Objective: To investigate the risk factors of acute symptomatic seizures (ASS) and epilepsy in children with myelin oligodendrocyte glycoprotein antibody-associated disease (MOGAD). Methods: A ambispective cohort study was used including 74 children with MOGAD who were admitted to the Department of Pediatrics of Peking University First Hospital from January 2013 to June 2023 and were followed up. Demographic information, clinical information, treatment status, ASS and epilepsy status were collected. The clinical phenotypes were classified. According to the presence or absence of ASS in the course of disease, the children and the course of disease were divided into groups with and without ASS. Chi-square test, Fisher exact test and Mann Whitney U test were used to analyze the correlation between symptoms and auxiliary examination characteristics and the occurrence of ASS in the two groups of children. Multivariate Logistic regression analysis was used for multivariate analysis. Results: The onset age of the 74 children with MOGAD was 6.58 (3.80, 9.67) years, including 38 females (51.4%) and 36 males (48.6%). The duration of the final follow-up was 2.67 (1.10, 4.12) years, with a total of 239 times acute clinical episodes. ASS occurred in 39.2% (29/74) children during the course of disease and in 29.3% (70/239) of attacks. The common phenotypes were ADEM (67 times (28.0%)), optic neuritis (37 times (15.4%)) and cerebral cortical encephalitis (31 times (13.0%)) in 239 times acute clinical episodes.

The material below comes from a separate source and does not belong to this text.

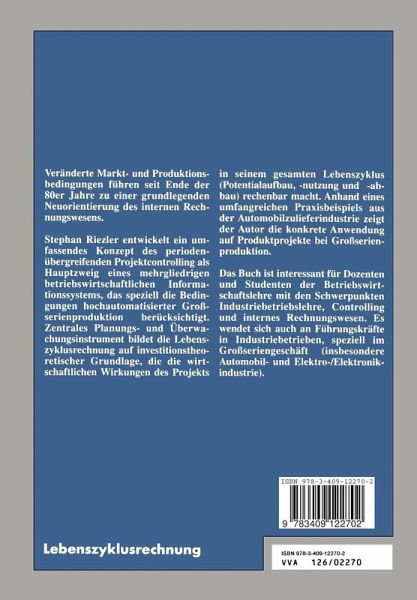 I. Einführung.- A. Allgemeine Problemstellung und Themenabgrenzung.- B. Grundlegende Charakterisierung der Lebenszyklusrechnung als Instrument des lebenszyklusorientierten Projektcontrolling.- C. Ziele und Gang der Untersuchung.- II. Grundlagen.- A. Veränderungen der Markt- und Produktionsbedingungen industrieller Großserienproduktion und deren Anforderungen an das interne Rechnungswesen.- B. Einordnung der Lebenszyklusrechnung in ein umfassendes betriebswirtschaftliches Informationssystem.- C. Charakterisierung und besondere Informationsanforderungen strategischer Projekte.- III. Begründung und Aufgaben eines lebenszyklusorientierten Projektcontrolling.- A. Grundsätzliche Ziele und Aufgaben des Controlling strategischer Projekte.- B. Grenzen traditioneller Instrumente für das projektbezogene Controlling.- C. Hauptprobleme der Umsetzung eines lebenszyklusorientierten Controlling.- D. Aufgaben eines lebenszyklusorientierten Projektcontrolling und besondere Anforderungen an dessen Ausgestaltung.- IV. Ansatzpunkte zur Realisierung eines lebenszyklusorientierten Projektcontrolling.- A. Einführung.- B. Kalkulationsansätze auf Basis wertmäßiger Kosten und Erlöse.- C. Investitionsrechnerische Ansätze auf Basis von Zahlungen.- D. Ansätze auf Basis der Einzelkosten- und Deckungsbeitragsrechnung (entscheidungsorientierter Kostenbegriff).- E. Fazit.- V. Grundgedanken der Lebenszyklusrechnung als Instrument des lebenszyklusorientierten Projektcontrolling.- A. Einführung.- B. Grundprinzipien der Lebenszyklusrechnung als Instrument des lebenszyklusorientierten Projektcontrolling.- C. Zusammenfassung und Abgrenzung zu alternativen Konzeptionen.- VI. Aufbau und Einsatz der Lebenszyklusrechnung für das lebenszyklusorientierte Projektcontrolling.- A. Einführung.- B.Fallbeispiel.- C. Lebenszyklusrechnung als Wirtschaftlichkeitsvorrechnung zu Projektbeginn.- D. Lebenszyklusrechnung als Wirtschaftlichkeitsbegleitrechnung im Projektverlauf.- E. Unterstützung durch elektronische Datenverarbeitung.- VII. Zusammenfassung der Untersuchungsergebnisse.

The incidence of ASS in ADEM and cerebral cortical encephalitis phenotype was 28.4%(19/67) and 100.0% (31/31), respectively. Multivariate analysis showed that cortical involvement on magnetic resonance imaging during clinical attacks was an independent risk factor for ASS (β=-1.49, OR=0.23) after excluding attacks involving only optic nerve or spinal cord (49 episodes). During the follow-up, 5 children (6.8%) had epilepsy, and all children with epilepsy had multiple clinical attacks of MOGAD and previous ASS. Conclusions: Cortical involvement on magnetic resonance imaging during clinical episodes is an independent risk factor for ASS in children with MOGAD. All MOGAD children with epilepsy had ASS and multiple MOGAD clinical episodes in the past.